Reading this made me mildly thankful for the bubble-headed dachshund who lives at our house because I know she would drag the polyester lamb's wool out of the Orthopedic Pet Bed and eat it and then sleep on the bare, bumpy top of her carrying case. And $49 (for the medium size) would go down the tubes, which would serve us right.

Then there is the portable barbecue that "gives a delicious smoky flavor to barbecued foods--without messy charcoal." Seems that although this unit looks like a charcoal barbecue, there are really adjustable electric heating elements underneath the fake lava stones that virtually guarantee against burning the meat. So what we have here is a risk-free barbecue.

No more getting charcoal on your hands or shirt, enjoying the flavor of starter fluid in your meat, singeing the hair on your arms when you try to beef up the blaze by shooting on a little extra fluid, putting out fires as the grease drips on the charcoal, or the decision of whether to let the coals burn out or save them for another day. And no longer the delicious contest to deliver meat that is the right shade of pink in the center without being burned to a crisp on the outside. Automated dullsville, just to get a piece of meat that is technologically correct.

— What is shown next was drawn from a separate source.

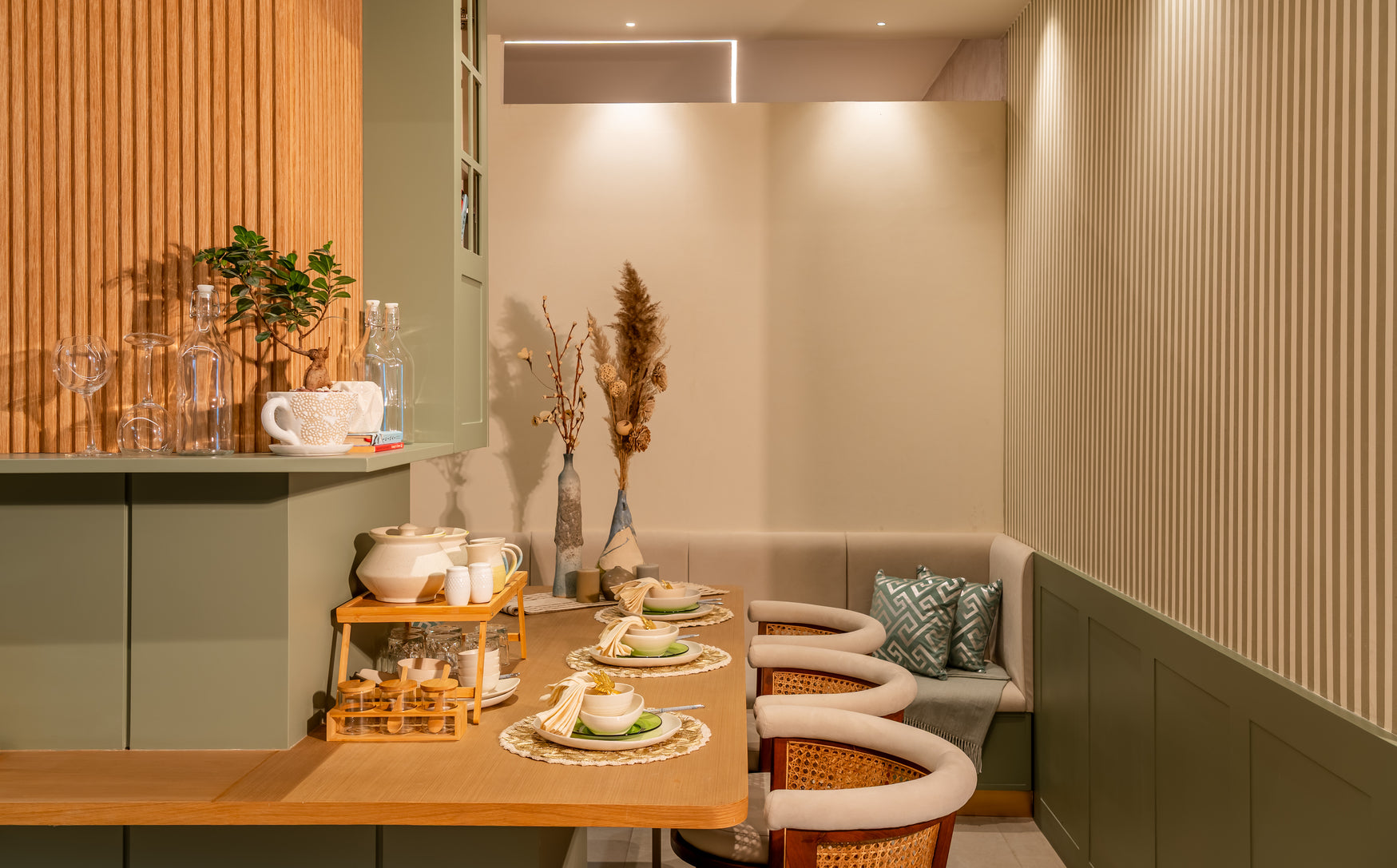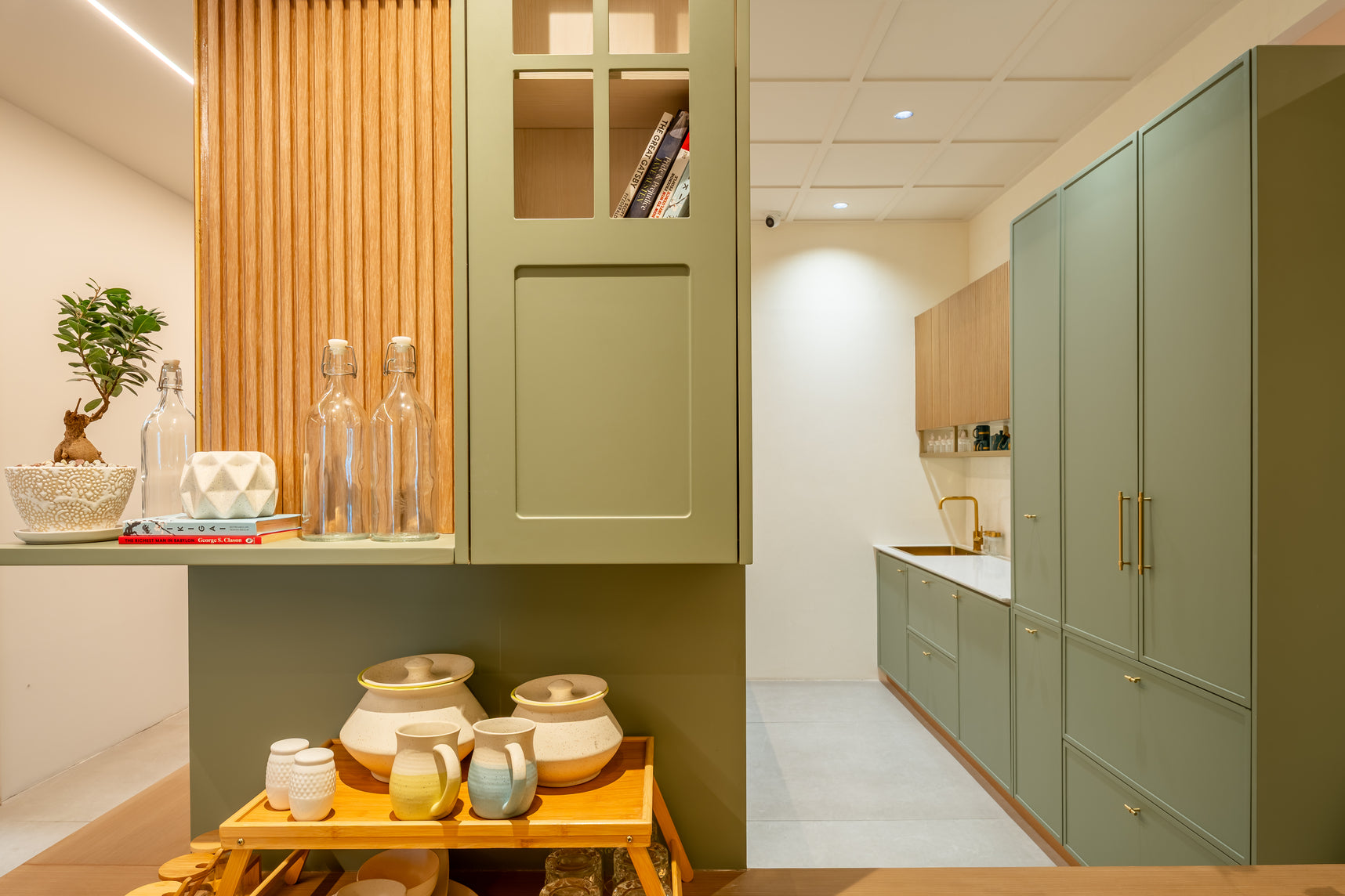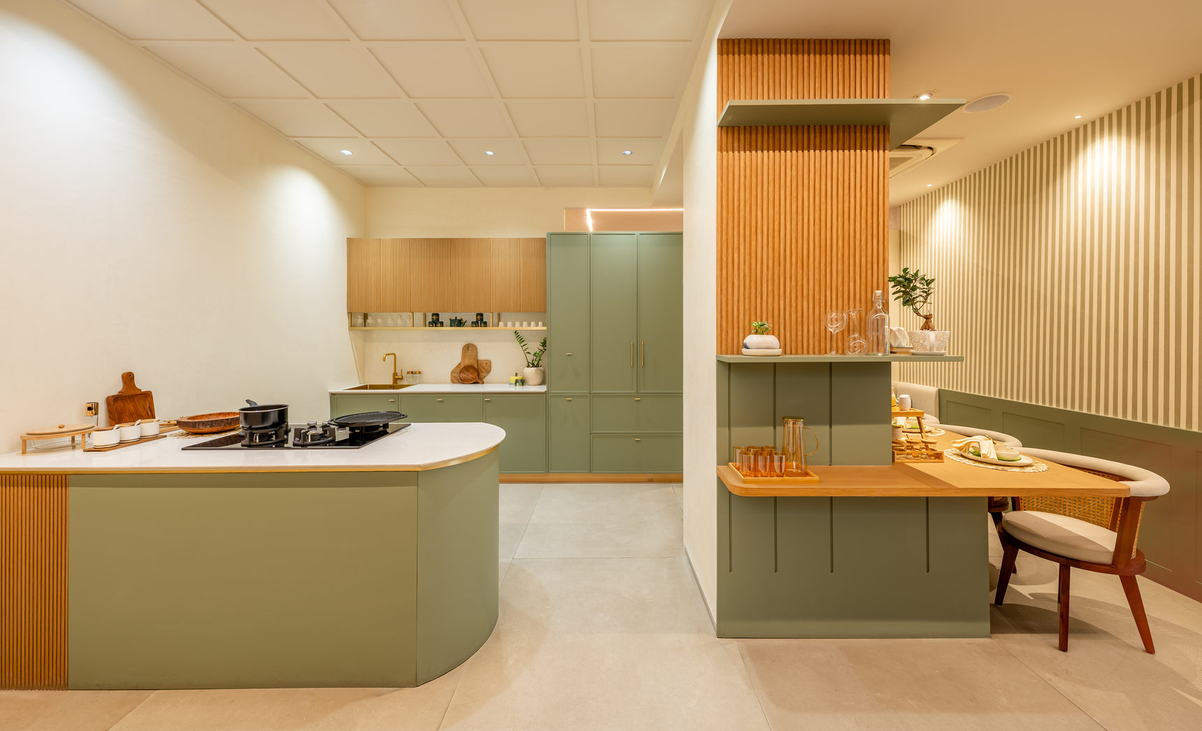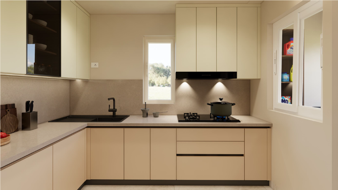 Taranam pairs soft matte PU fronts with warm wood interiors to create a calm, modern kitchen. A rounded stone island with fluted detailing softens the layout, while a concealed appliance garage keeps surfaces clear. Tall pantry units and integrated ovens support a smooth workflow, with precise alignment and subtle detailing bringing the space together.

We also have the Call Waiting system, which Pacific Bell pitched to me in a letter the other day. The letter starts out: "Imagine someone is trying to reach you but your phone is busy. You won't know they called--and they might not call back."

They've caught my attention. Sounds like a great plan so far to me. But not to Pac Bell. They point out that the disenchanted caller may be "your daughter phoning from school or your parents from out of state or a friend with good news." On the questionable premise that you would never want to miss such calls, Pac Bell sinks the hook to pitch a service you can add to your phone that will go "beep" when there is a call waiting. If you're bored with the conversation you're in, you can put that caller on hold and check out the "beep." Or, says Pac Bell, "you can go back and forth between callers as often as you wish."

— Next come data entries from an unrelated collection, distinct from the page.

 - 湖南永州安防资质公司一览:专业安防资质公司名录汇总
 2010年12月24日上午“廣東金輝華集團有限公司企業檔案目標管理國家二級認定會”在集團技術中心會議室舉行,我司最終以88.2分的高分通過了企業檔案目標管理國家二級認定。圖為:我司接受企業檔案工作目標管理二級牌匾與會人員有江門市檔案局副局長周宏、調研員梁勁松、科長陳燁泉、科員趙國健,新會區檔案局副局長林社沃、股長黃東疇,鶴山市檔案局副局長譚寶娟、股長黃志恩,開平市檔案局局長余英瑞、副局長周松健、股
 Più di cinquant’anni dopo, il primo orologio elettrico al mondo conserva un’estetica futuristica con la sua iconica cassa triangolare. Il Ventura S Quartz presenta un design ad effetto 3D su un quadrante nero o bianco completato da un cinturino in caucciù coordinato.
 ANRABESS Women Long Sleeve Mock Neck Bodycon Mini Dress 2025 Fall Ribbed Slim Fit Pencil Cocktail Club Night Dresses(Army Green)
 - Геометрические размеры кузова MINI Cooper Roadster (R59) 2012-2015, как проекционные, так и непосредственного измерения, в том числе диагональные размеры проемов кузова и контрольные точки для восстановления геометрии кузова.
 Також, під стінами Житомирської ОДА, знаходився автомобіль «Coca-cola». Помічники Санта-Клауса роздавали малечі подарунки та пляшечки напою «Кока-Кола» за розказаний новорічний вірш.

You can program this chaos into your life for only $3.50 a month.

I know that a lot of people who get off on technology--the same ones who accused me of resisting the electric typewriter, which isn't true--are going to agree with me that I have probably lived too long--and that's OK. I have no objection to their cooking risk-free meat, bedding their dogs down in lamb's wool or alienating phone callers who are put on hold. But I do fervently hope that their kids don't have an electric pencil sharpener rat-holed in their desks at school. If that ever happens, there's no turning back.